As a part of a strategic initiative to onboard and service such large loan volumes, BSI is focused on process redesign and automation. With Vaultedge, BSI automated MSR boarding process and built document indexing, classifying and extraction capabilities.

Black Knight: Forbearance Plans Edge Up

Black Knight, Jacksonville, Fla., said active forbearance plans edged up by 1,000 this week, continuing a common trend of marginal mid-month increases. Even so, the population is down 6% from the same time last month, reflecting an uptick in the monthly rate of improvement from last week’s 5.4%.

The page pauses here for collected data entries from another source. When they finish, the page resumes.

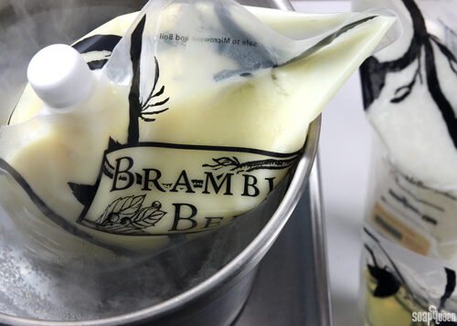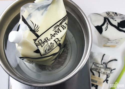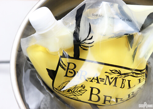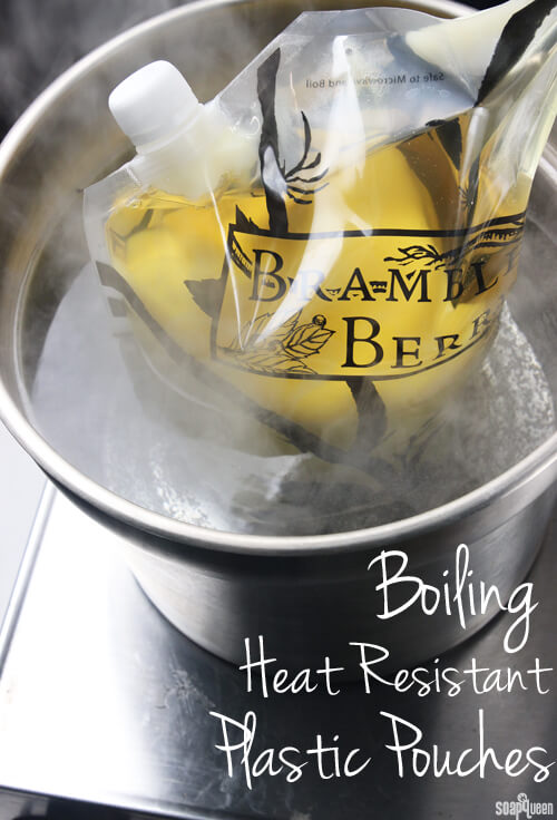 Common soap making oils that require melting before use are coconut oil and palm oil. Packaged in Heat Resistant Plastic Pouches, these bags come in a large size that holds seven pounds and a small size that holds one pound. Many soapers place the bags into the microwave to melt the oils inside. This process is easy! First, make sure the cap of the bag is secure. Place the entire bag into the microwave and heat using one minute bursts until the entire container is melted. Be careful when removing the bag, as it may be hot. Then, pour the amount of oil that you need. The quality of the oils are not affected by the heat, so don’t worry if you need to melt down the oils several times. If you don’t have a microwave, you can also boil these pouches! While easy to do, there are a few things to keep in mind while boiling the Heat Resistant Pouches.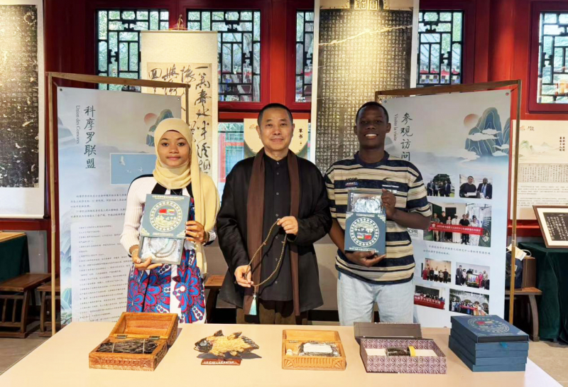 今年恰逢中国与科摩罗建交50 周年,活动特别围绕这一重要节点打造文化交流亮点。现场发布的“科摩罗和香珠”文创产品,巧妙融合两国香文化特色 —— 以中国传统和香技艺为基础,融入科摩罗依兰、丁香等特色香料,每一颗香珠既是对建交50周年的致敬,更是文化IP创新表达的生动实践。此外,多组中外嘉宾礼物互换环节温情满满,石景山区送出的“山河永定琉璃卧香炉套装”非遗文创,以精湛工艺承载文化温度,分别与中国香港、科摩罗、韩国香文化代表完成交换,每一次手手相传,都定格下文化交融与跨国友谊的珍贵瞬间。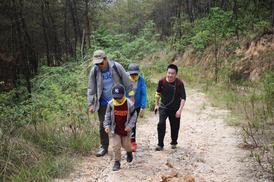 囿于工作与生活的我们,出来自然是放松心情的,那么,先来一段热身活动,每个人都很认真,从热身感受到了大家内心的期待。这是一条二星难度的线路,前奏很轻松,土路,小坡,缓缓而行,谈笑声,音乐声,此起彼伏。900米处准备进入丛林,整顿,短暂休息,这个季节,山上很多毛毛虫,我们的几个小朋友并没有因为害怕而不敢前行,一路都非常勇敢,也很厉害,扛旗溜的不要不要的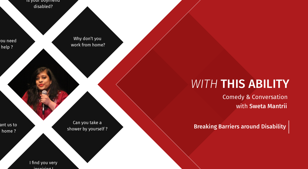 Sweta Mantrii is a full-time awesome person whose superpowers include turning cab drivers into good people and scaring children with her crutches. Sweta is an MBA turned writer and disability rights activist who stumbled upon comedy quite accidentally; just like the other things that she stumbles upon while walking. Presently, she's having a gala time as she ‘stands up’ to address the understanding of disability and the disability of understanding - one joke at a time! Through 'With This Ability', Sweta attempts to break the psychological barriers around disability by highlighting the nuances of her daily life through comedy and further engaging people in meaningful conversation on the subject.

Black Knight said as of June 22, 2.06 million (3.9% of) homeowners remain in COVID-19 related forbearance plans including 2.3% of GSE, 6.9% of FHA/VA and 4.6% of Portfolio/PLS loans. Weekly declines among GSE (-10,000) and FHA/VA (-7,000) forbearance plans were offset by an 18,000 rise among portfolio and privately held mortgages.

STRATMOR Report Analyzes Mortgage Retail Branch Structures

In its June Insights Report, mortgage advisory firm STRATMOR Group examines the key characteristics of expense management branches and their prevalence among Independent Mortgage Bankers versus depositories and compares the performance metrics between EMB and corporate branches.

In his article, Retail Mortgage Branches: Which is Better, Expense Management or Corporate?, Senior Partner Jim Cameron draws on data from STRATMOR files and from the PGR: MBA and STRATMOR Peer Group Roundtable Program to analyze the facts. Since 1998, the Mortgage Bankers Association and STRATMOR Group have jointly conducted the PGR: MBA and STRATMOR Peer Group Roundtable Program. This program currently includes over 100 lenders that are divided into seven peer groups and five separate and distinct datasets based on size and operating model.

“While EMB revenues are more than 50 basis points higher than corporate branch revenues —partially due to a higher mix of government lending and more disciplined branch managers — the average Net Production Income is only 7 bps higher than corporate branch models and Gross margin is nearly identical,” says Cameron. EMBs accounted for less than one quarter of home loans originated by all IMBs during 2016 but expanded to more than one third last year, one of every three loans.

“By and large, the choice of model is primarily driven by company culture, management preferences and core competencies,” says Cameron “The EMB model is not ‘better’ than the corporate branch model — it is all in the execution of the lender’s chosen model.”

Fitch Ratings: Pandemic Exacerbating U.S. Affordable Housing Stresses

Fitch Ratings, New York, said the coronavirus pandemic is creating new cracks in the already fragile foundation of affordable housing.

“COVID-19 caused an economic contraction felt among millions of American of many economic strata, and those at the most vulnerable level of the economic scale saw their tenuous grip loosen on housing security,” said Senior Director Mikiyon Alexander.

The report said the pandemic has intensified rising input costs, generational shifts in demand, changes in regulations and slower wage growth already in place that have all led to supply deficits and rising home prices that affect U.S. housing affordability. Affordable housing stock has decreased, causing demand to outstrip supply, and leaving a gap that particularly pressures the affordable housing segment.